→ Task requirements
When you copy from the entries that follow, take only the lines from the one with "長年使用されていた流し台の下" down to the one with "Интерьер подводного царства: металлическая", keeping both ends and dropping every picture.

→ The data
========

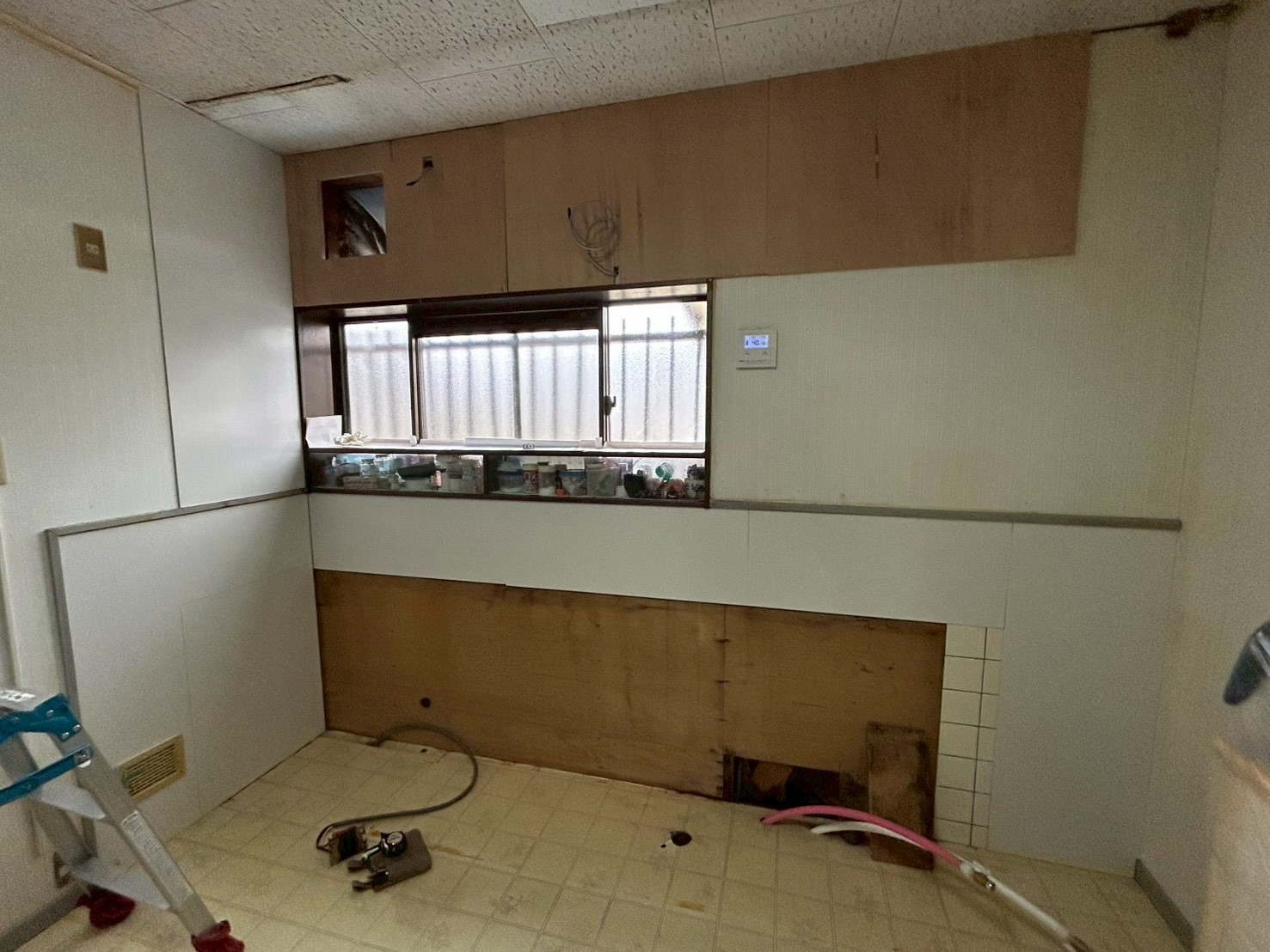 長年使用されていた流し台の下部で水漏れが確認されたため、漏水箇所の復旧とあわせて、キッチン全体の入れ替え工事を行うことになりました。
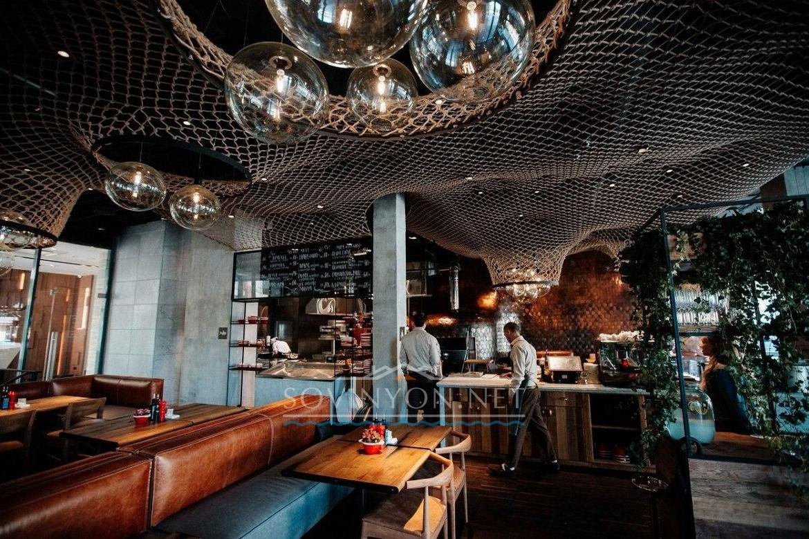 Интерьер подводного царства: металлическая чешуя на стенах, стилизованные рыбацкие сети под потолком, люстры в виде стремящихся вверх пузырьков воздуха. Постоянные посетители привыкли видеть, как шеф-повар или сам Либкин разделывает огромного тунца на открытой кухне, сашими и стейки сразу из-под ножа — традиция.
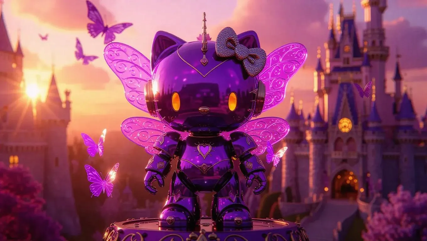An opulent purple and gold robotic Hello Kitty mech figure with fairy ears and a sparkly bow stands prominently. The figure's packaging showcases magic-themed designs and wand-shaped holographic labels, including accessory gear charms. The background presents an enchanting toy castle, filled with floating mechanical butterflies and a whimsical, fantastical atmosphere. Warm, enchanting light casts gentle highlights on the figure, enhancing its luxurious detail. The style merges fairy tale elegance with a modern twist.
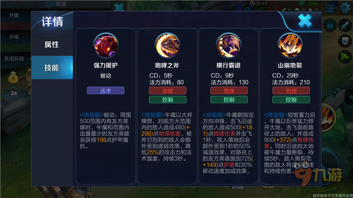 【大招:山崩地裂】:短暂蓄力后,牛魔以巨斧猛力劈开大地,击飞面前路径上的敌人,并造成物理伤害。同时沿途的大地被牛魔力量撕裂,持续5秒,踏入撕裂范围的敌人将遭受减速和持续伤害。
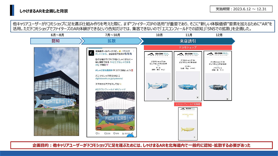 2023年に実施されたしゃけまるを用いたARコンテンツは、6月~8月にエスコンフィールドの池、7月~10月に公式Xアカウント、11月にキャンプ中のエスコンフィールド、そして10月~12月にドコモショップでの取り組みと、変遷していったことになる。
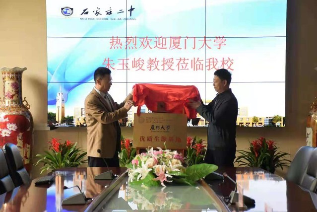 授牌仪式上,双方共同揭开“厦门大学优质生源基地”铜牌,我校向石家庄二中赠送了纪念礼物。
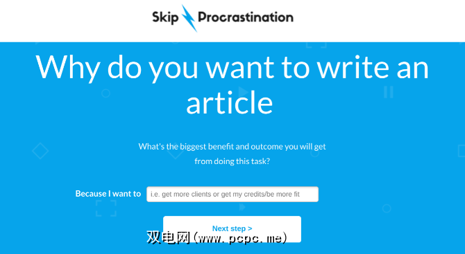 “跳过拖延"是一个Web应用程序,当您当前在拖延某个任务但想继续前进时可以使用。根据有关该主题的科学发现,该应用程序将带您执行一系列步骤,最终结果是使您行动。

========

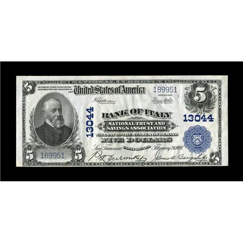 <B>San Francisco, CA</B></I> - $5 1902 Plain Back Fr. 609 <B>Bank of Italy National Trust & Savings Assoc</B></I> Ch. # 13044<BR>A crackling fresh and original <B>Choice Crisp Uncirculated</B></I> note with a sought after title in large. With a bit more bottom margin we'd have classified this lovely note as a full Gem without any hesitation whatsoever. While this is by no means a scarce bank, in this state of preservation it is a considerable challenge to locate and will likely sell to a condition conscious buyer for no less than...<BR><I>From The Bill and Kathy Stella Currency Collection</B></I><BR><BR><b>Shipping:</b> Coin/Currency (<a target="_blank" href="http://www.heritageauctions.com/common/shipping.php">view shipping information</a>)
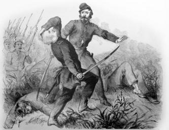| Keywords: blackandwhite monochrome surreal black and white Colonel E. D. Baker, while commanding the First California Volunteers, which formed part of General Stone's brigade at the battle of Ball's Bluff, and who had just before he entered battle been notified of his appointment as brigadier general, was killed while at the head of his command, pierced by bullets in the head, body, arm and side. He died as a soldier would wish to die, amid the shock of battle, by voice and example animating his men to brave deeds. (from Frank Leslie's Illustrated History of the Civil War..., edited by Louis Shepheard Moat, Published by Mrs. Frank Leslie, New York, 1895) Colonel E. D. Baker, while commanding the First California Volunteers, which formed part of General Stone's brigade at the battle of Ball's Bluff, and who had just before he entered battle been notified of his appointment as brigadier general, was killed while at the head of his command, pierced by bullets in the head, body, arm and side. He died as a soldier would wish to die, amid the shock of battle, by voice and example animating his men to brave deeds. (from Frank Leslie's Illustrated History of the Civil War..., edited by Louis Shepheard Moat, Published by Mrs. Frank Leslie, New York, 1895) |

========

→ Finished exercise
 長年使用されていた流し台の下部で水漏れが確認されたため、漏水箇所の復旧とあわせて、キッチン全体の入れ替え工事を行うことになりました。
 Интерьер подводного царства: металлическая чешуя на стенах, стилизованные рыбацкие сети под потолком, люстры в виде стремящихся вверх пузырьков воздуха. Постоянные посетители привыкли видеть, как шеф-повар или сам Либкин разделывает огромного тунца на открытой кухне, сашими и стейки сразу из-под ножа — традиция.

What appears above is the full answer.